Please output the line containing "於角落位置加入轉角轉盤來充分" and all lines that follow it in the data below, exactly, with no pictures.

● **PROVIDED DATA**:
════

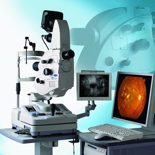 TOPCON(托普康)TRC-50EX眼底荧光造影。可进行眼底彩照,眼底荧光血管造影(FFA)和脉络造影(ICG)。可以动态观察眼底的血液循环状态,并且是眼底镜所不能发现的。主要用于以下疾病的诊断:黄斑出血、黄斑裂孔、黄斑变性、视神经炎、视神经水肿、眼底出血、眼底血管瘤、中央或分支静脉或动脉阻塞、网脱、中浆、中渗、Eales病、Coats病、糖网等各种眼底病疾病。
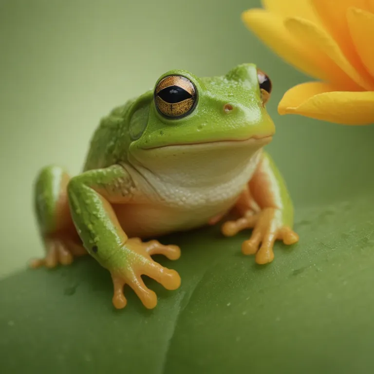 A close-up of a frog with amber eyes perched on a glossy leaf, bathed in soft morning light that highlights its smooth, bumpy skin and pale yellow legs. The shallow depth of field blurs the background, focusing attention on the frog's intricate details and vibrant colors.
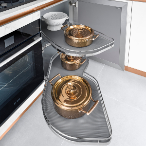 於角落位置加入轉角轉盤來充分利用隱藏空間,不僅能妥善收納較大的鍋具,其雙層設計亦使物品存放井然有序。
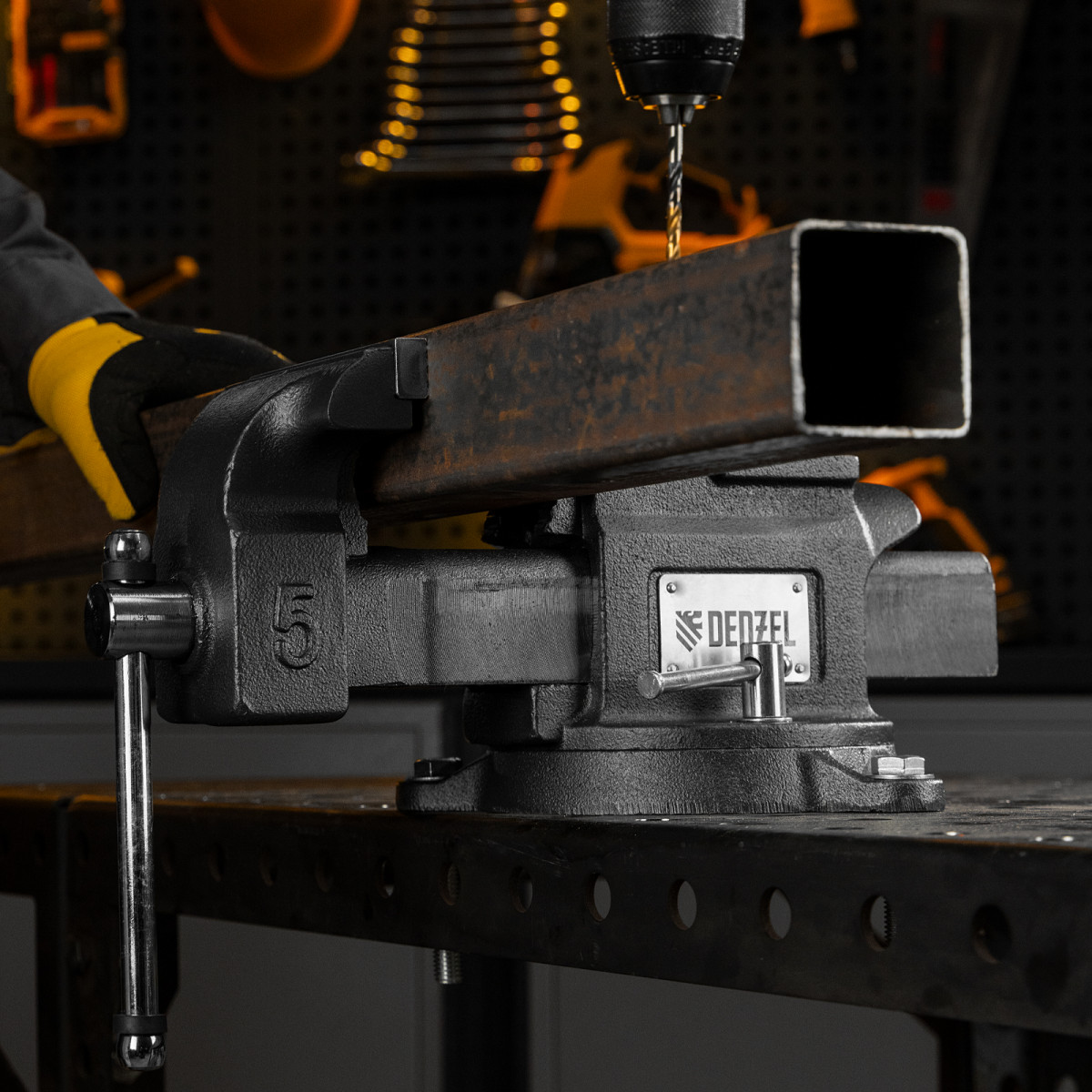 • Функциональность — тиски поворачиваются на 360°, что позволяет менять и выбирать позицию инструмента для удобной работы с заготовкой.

════

● **YOUR SOLUTION**:
 於角落位置加入轉角轉盤來充分利用隱藏空間,不僅能妥善收納較大的鍋具,其雙層設計亦使物品存放井然有序。
 • Функциональность — тиски поворачиваются на 360°, что позволяет менять и выбирать позицию инструмента для удобной работы с заготовкой.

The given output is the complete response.